X = df[['age', 'sex', 'cp', 'trestbps', 'chol', 'fbs', 'restecg', 'thalach', 'exang', 'oldpeak', 'slope', 'ca', 'thal']]
y = df['target']
X_train, X_test, y_train, y_test = train_test_split(X, y, test_size=0.3, random_state=42, stratify=y)

You can also experiment with different feature subsets. For example, try using only the top 5 features from correlation.

Step 4: Implement Logistic Regression

Use sklearn's LogisticRegression. Fit on training data and predict on test.

model = LogisticRegression(max_iter=1000)
model.fit(X_train, y_train)
y_pred = model.predict(X_test)

Optionally, standardize features for better convergence (though not required).

Step 5: Evaluate Performance

Compute accuracy, precision, recall, F1-score, and confusion matrix.

accuracy = accuracy_score(y_test, y_pred)
precision = precision_score(y_test, y_pred)
recall = recall_score(y_test, y_pred)
f1 = f1_score(y_test, y_pred)
cm = confusion_matrix(y_test, y_pred)

print(f'Accuracy: {accuracy:.2f}')
print(f'Precision: {precision:.2f}')
print(f'Recall: {recall:.2f}')
print(f'F1-score: {f1:.2f}')
print('Confusion Matrix:')
print(cm)

Create an observation table as required. For example:

| Features Used | Precision | Recall | Accuracy | F1-Score |
|---------------|-----------|--------|----------|----------|
| All 13        | 0.85      | 0.78   | 0.82     | 0.81     |
| Top 5         | 0.83      | 0.80   | 0.81     | 0.81     |

Try different feature sets and record results. The assignment emphasizes experimentation, not just highest accuracy.

Trend-Inspired Example: Like Training a Fitness AI

Think of this as building a simple AI that predicts heart risk, similar to how modern fitness apps (like Apple Health or Fitbit in 2026) use sensor data to alert users.
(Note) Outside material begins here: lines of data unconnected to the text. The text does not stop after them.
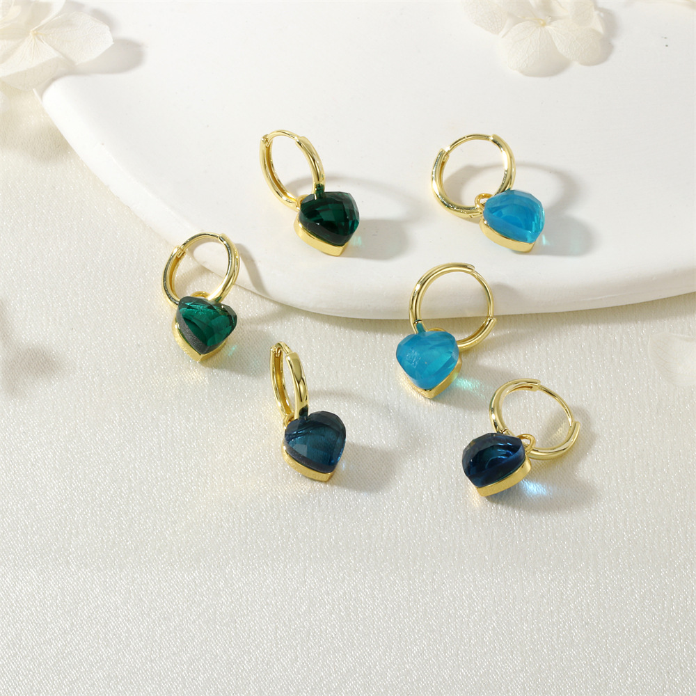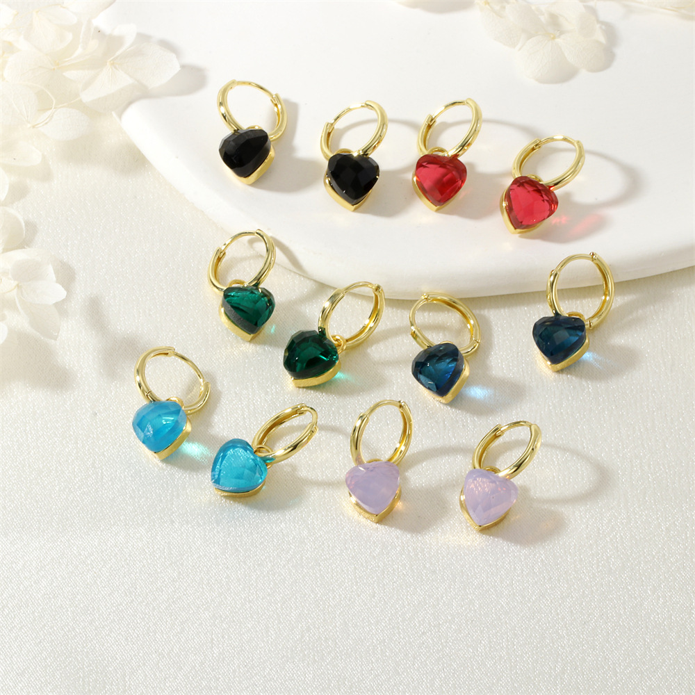 Boucles d'oreilles cristal, laiton, avec cristal, coeur, Placage de couleur d'or, bijoux de mode & pour femme, plus de couleurs à choisir, protéger l'environnement, sans nickel, plomb et cadmium, Vendu par paire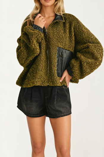 Chic meets edgy in this textured zip-up jacket from Knit & Lounge, featuring plush boucle fabric and striking faux leather contrast trims. The oversized silhouette is equal parts cozy and statement-making, while the asymmetrical zip pocket and vegan leather collar bring a polished and contemporary touch. A go-to layer for transitional temps and bold everyday looks.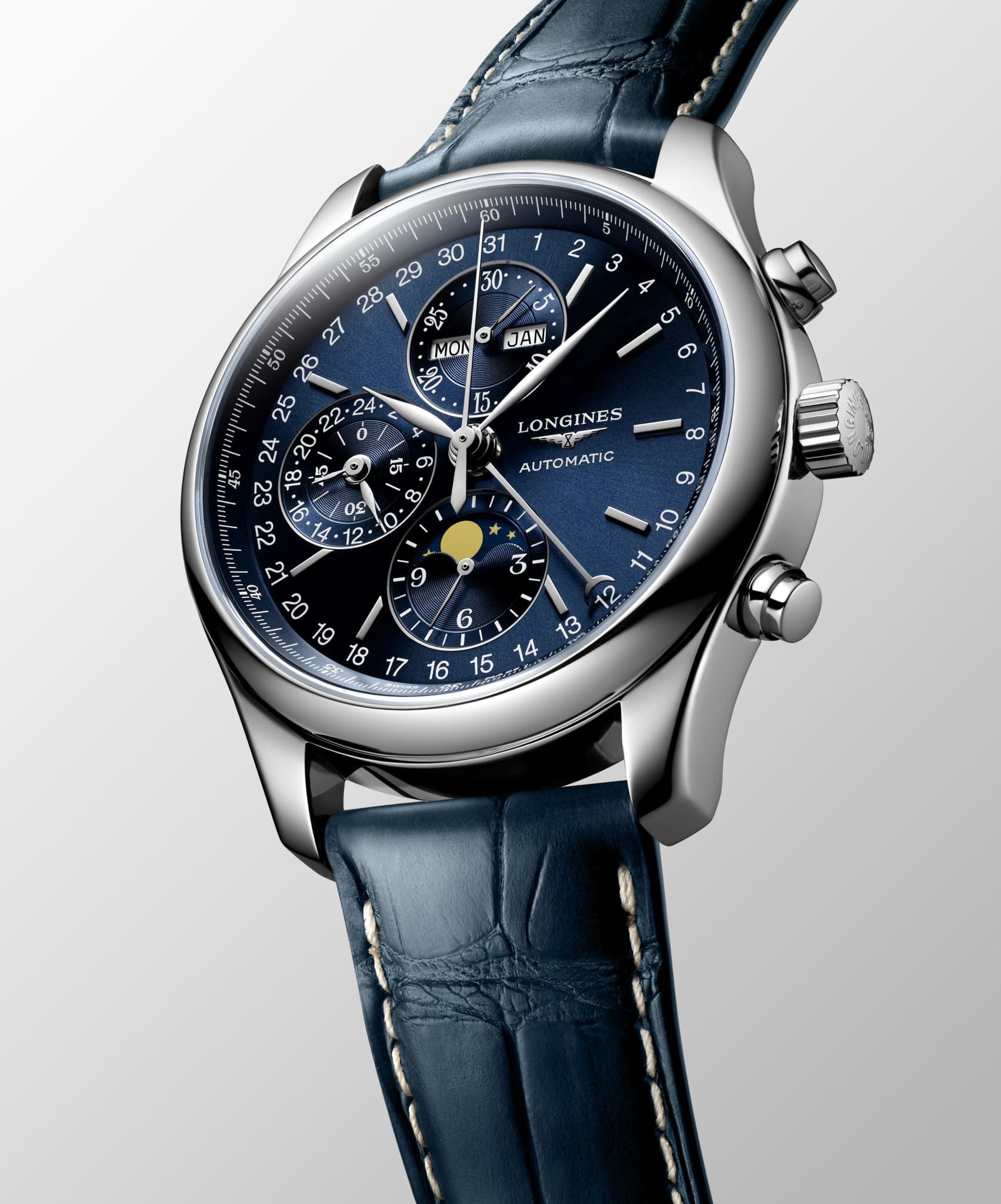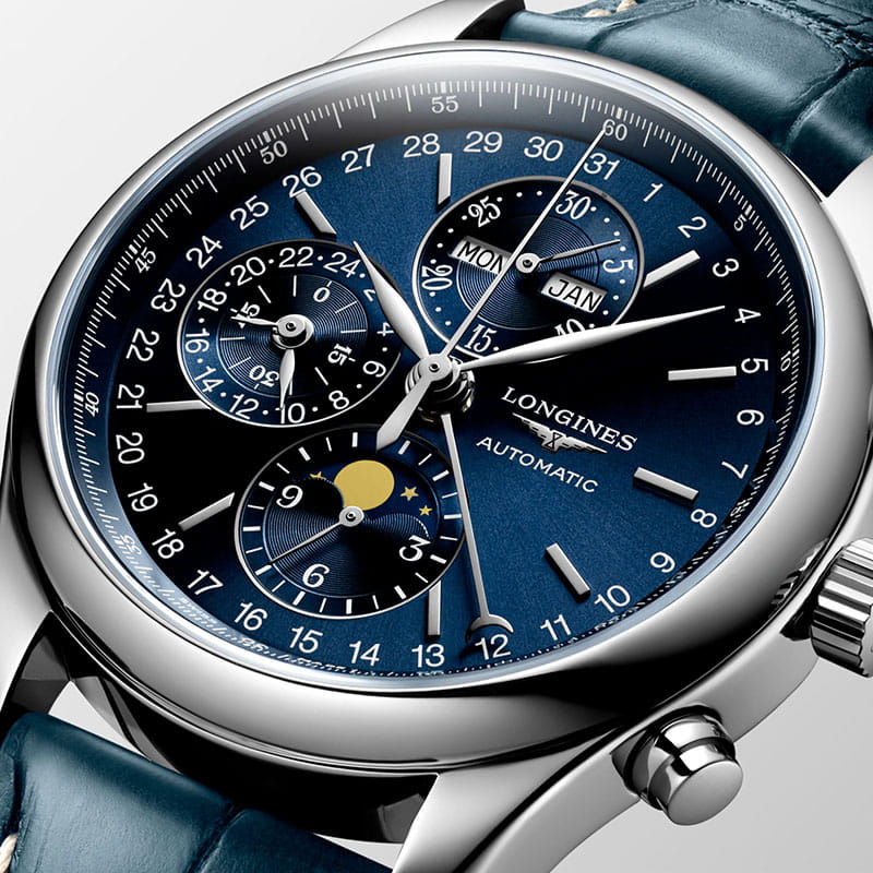 Синий циферблат дополнен счётчиками, смещёнными в левую сторону: лунный календарь, указатель дня недели и месяца, секундомер, индикация времени в 24-часовом формате. Дату указывает стрелка с серповидным наконечником. Швейцарский автоматический механизм L687 имеет резерв хода на 54 часа. Сапфировое стекло дополнено антибликовым покрытиемАнтибликовое покрытиеСлой оксида металла в 0,13-0,3 микрон, благодаря которому стекло часов не бликует и не отражает свет. Антибликовое покрытие уменьшает отражение света в 10 раз, обеспечивая отличную читаемость показателей циферблата..

Your logistic regression model is like a mini AI that learns from historical data—just as a game AI learns from player moves. By visualizing features, you're doing feature engineering, a key skill in machine learning.

Tips for Your Report

Include screenshots of your best plots.
Explain why you selected or eliminated each feature.
Discuss trade-offs: high recall vs. high precision depending on use case.
Mention limitations: logistic regression assumes linear decision boundary; heart disease may have nonlinear patterns.

Conclusion

By following this guide, you'll complete all requirements of CSCI 183 homework 3: extensive visualization, feature selection, model implementation, and evaluation. Remember, the goal is to experiment and learn. Even if your model isn't perfect, documenting your process thoroughly will earn you top marks. Good luck!